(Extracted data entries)
# # #

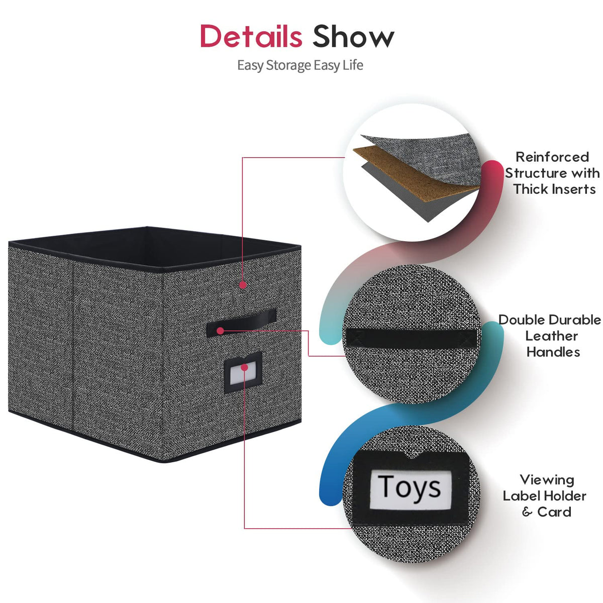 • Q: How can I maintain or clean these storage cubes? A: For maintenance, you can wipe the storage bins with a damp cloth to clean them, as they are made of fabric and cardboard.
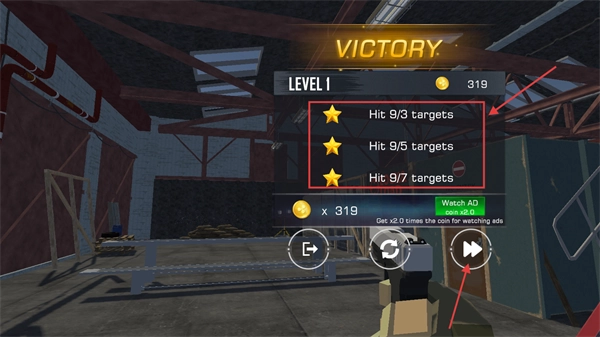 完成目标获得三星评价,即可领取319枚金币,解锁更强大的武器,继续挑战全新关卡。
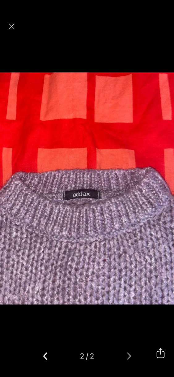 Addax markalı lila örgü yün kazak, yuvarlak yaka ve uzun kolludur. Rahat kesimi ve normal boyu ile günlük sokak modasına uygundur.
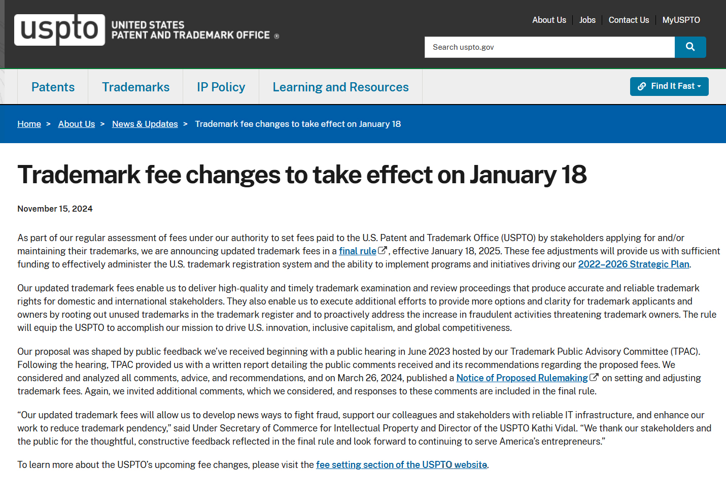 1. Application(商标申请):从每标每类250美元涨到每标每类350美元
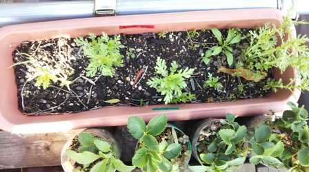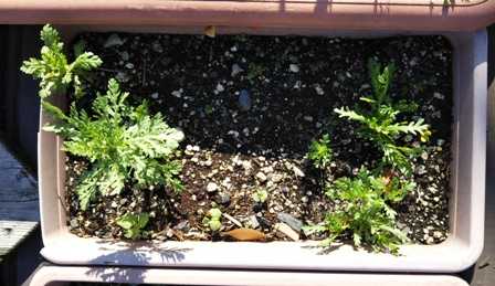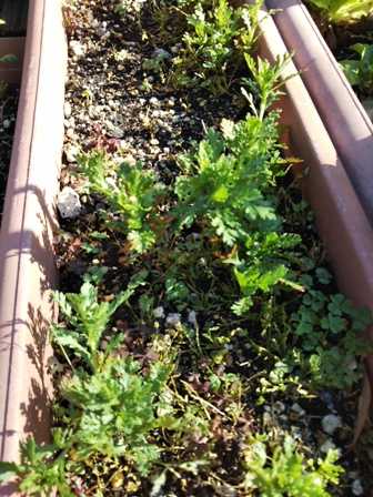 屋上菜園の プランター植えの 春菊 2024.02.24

# # #

EXERCISE DETAILS –
Each line of the data above must be reproduced as written. Skip the pictures.

RESPONSE BOX –
 • Q: How can I maintain or clean these storage cubes? A: For maintenance, you can wipe the storage bins with a damp cloth to clean them, as they are made of fabric and cardboard.
 完成目标获得三星评价,即可领取319枚金币,解锁更强大的武器,继续挑战全新关卡。
 Addax markalı lila örgü yün kazak, yuvarlak yaka ve uzun kolludur. Rahat kesimi ve normal boyu ile günlük sokak modasına uygundur.
 1. Application(商标申请):从每标每类250美元涨到每标每类350美元
 屋上菜園の プランター植えの 春菊 2024.02.24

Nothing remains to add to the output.